Prevent reputational damage with the right tool for your organisation.

86% of executives surveyed last year pointed to loss of income and a reduced customer base as expected fallout from reputational risks. But forming the best approach to identify those risks comprehensively and cost-effectively can be difficult.

Our complex modern information environment has made managing reputational risk all the more daunting. The quantity of publicly available online data continues to grow at a rapid rate. Internet users produce roughly 2.5 quintillion bytes of data a day. This frankly incomprehensible scope of data is an essential tool when assessing potential reputational risk, yet is impossible for teams of people to reliably sift through.

Traditional reputation management methods have depended on a host of reputational risk software tools to support human-led teams. But there are a variety of types to consider. We’ve listed out the four major types of reputational risk tools that organisations might consider to start advancing their strategies.

1. Social media monitoring tools

There’s no denying that social media plays an enormous role in influencing public perceptions around organisations. And its ever-lasting nature can have a permanent effect on one’s image. Hence, you need to consider social media when analysing the reputational risk of a subject. 

Manually analysing social media data can be time-consuming and ultimately fruitless due to the sheer number of data to sift through. A social media monitoring tool is an effective method of building up this understanding. 

With that said though, it’s worth remembering that these tools will require some level of manual intervention to be useful. Social media monitoring tools can deliver information on a subject’s social media presence and mentions, but will need an analyst to collate that information and make sense of it.

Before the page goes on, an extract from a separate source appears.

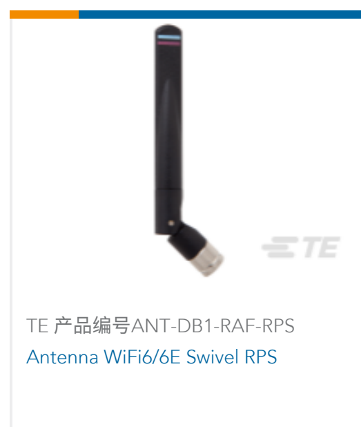
TE 产品编号ANT-DB1-RAF-RPS Antenna WiFi6/6E Swivel RPS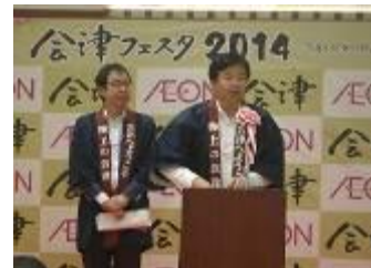
2014 年 会津节

Making sense of that data will also involve disambiguating between the false positives that inevitably come up with social media research. Traditional social media monitoring tools use keyword-based research as opposed to advanced Natural Language Processing to verify information. This means that you will likely receive results that are not actually about or associated with your subject. For example, the tool may confuse your subject for a different person who happens to have the same name. 

Many sophisticated tools attempt to categorise “sentiment” behind certain posts in order to track organisations’ reputations. But without the right Natural Language Processing technology behind that analysis a large number of posts get falsely flagged to the user or categorised as being positive or negative. 

All this means that whilst some level of time and effort will be saved for your manual teams, the burden will still be on the user to drill down further into results. Hence these tools do not fully streamline the reputational risk management process.

Another issue to keep in mind is privacy. How much snooping into someone’s social media activity is acceptable without infringing on their privacy, even if it is publicly available? You can run the risk of overstepping boundaries and compliance guidelines. Doing this in itself can be a reputational risk. One way to combat this would be through sticking to social media platforms that are more overtly intended for professional relationships and profiles, such as LinkedIn. 

Tools to consider

  • Videris: Enables complex network mapping and activity tracking via a subject’s individual social media profiles.
  • Meltwater: Enables brand monitoring through various social media feeds, primarily Twitter. Keep aware that not everyone will be talking about a brand on Twitter though, so this information will be limited in its depth. 
  • Brandwatch:  Enables brand monitoring and brand health tracking through historical and real-time consumer data.

Key Takeaways:

  • Social media is a necessary part of reputational risk analysis. Yet it can be tricky to do without overstepping compliance best practices – itself can be a risk.
  • A human analyst would have to be heavily involved in the information collation and reporting processes for false positives to be eliminated and insights shared.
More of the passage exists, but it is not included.